Saturday, March 24, 2007

A Blood Sport-Complete With Tea Break

On my only visit to London, long ago during the Carter Administration, yours truly attended a cricket match in the interests of further professional education. It was a long afternoon spent equally mystified by the game and stupified by boredom. The memory was filed and immediately forgotten-until this week.

I was dimly aware cricket's World Cup was taking place in the Carribean. Don't ask how, I don't know. Yesterday, Shari Tharoor, undersecretary general of the United Nations, had an op-ed piece in the New York Times berating Americans for their inability to like or comprehend the noble sport of cricket, the biggest game in his native India. It was the usual blah about our nation's barbaric simplicity of mind and thirst for violent action-you know the dril.

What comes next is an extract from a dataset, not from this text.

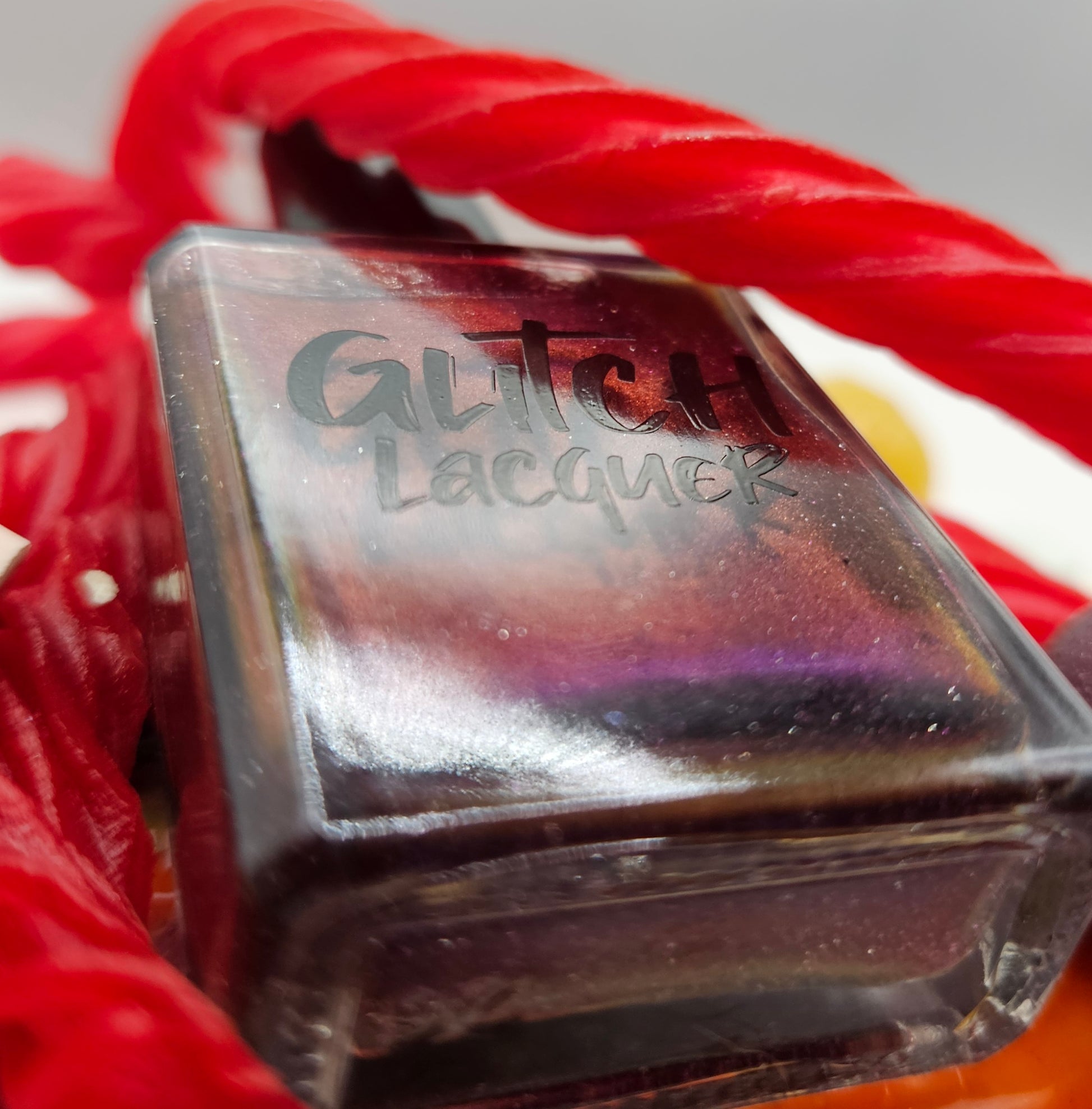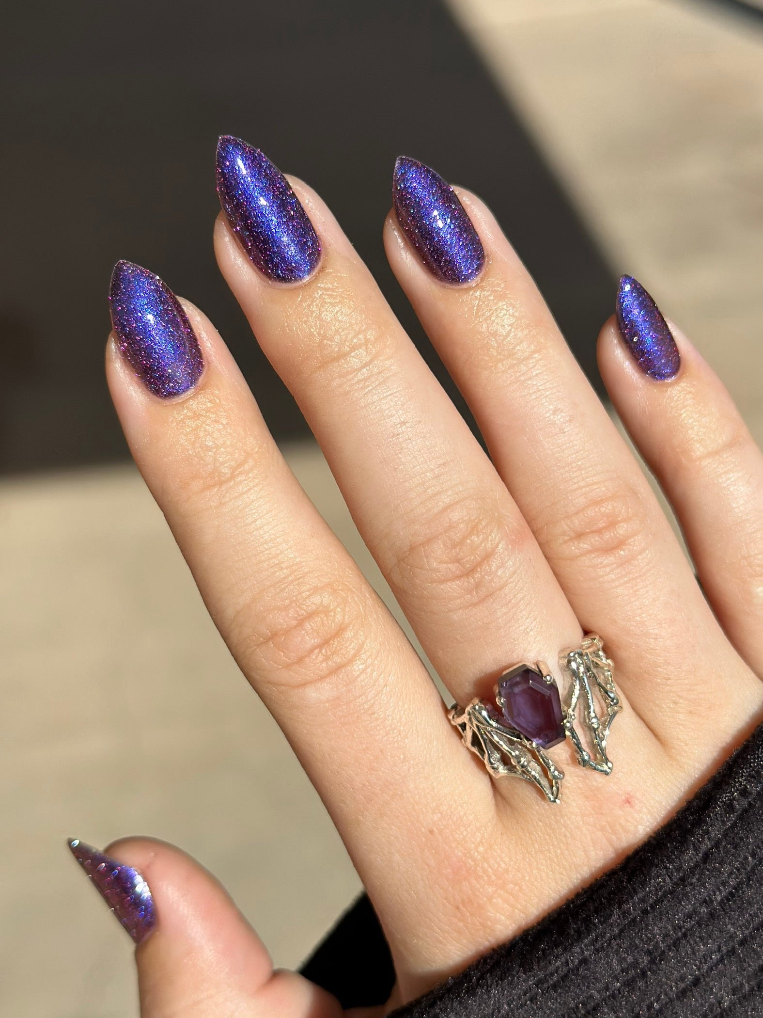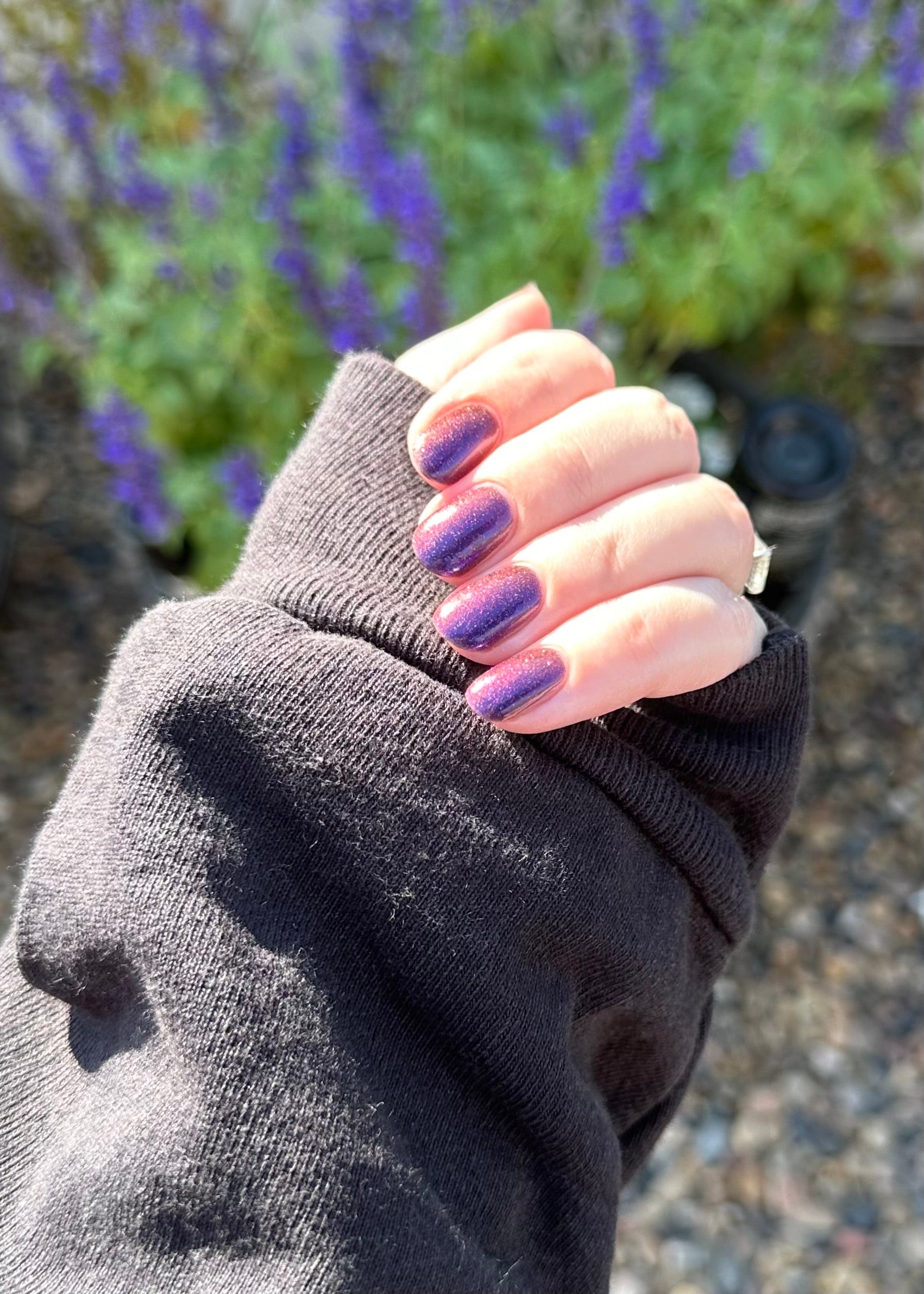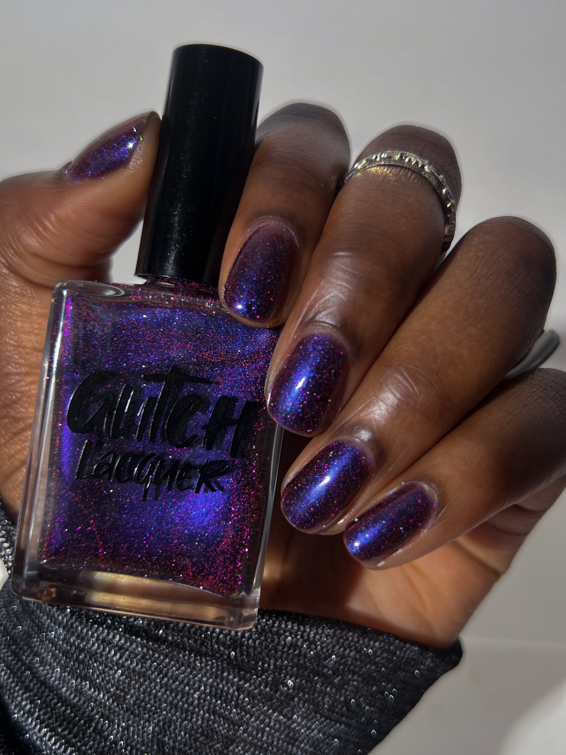 A blue multichrome that shifts to purple, red, and orange, plus pink reflective glitter. This polish is indulgent, just like a midnight snack should be.

Today's Times printed several indignant letters from patriotic American fans telling Tharoor that, by golly, baseball can be EVERY BIT as boring as cricket, so put a sock in it. Giving the lie to those who say the nation's paper of record has no sense of humor, a story on the front page, complete with color photo, made the argument Tharoor should have used. It seems we have underestimated cricket, just not for the reasons he gave.

Shortly after Pakistan was eliminated from the World Cup by Ireland, an upset on a par with Arizona State beating BC in hockey, coach Bob Woolmer was found dead in the team hotel in Kingston, Jamaica. He'd been strangled.

Whooa! And Dennis Green thinks he got a raw deal in Arizona? Reading further, as who wouldn't, I was delighted to learn cricket is not and has never been cricket in the "good show old chap" sense of the expression.

Reporter Marc Lacey described the World Cup scene with phrases like "rum drinks swigged like water" and "large-scale gambling." There have been doping scandals (uppers, I presume) in the past few years. A past captain of South Africa's national team got a lifetime ban for match-fixing. The sport has an anti-corruption unit far bigger (and busier) than the NFL's. And now, a corpse with mystery attached. Plenty of suspects, too. Current Pakistan resident Osama bid Laden might've lost a bob or two on the home team.

Rum drinks with little umbrellas! Gambling!! Drugs!!! Fixes!!!! Murder most foul!!!!! Where has THAT sport of cricket been all my life? We are talking demographic platinum for American television.

Get me the president of Spike network on the horn. Good-bye ultimate fighting. Hellooo, cricket.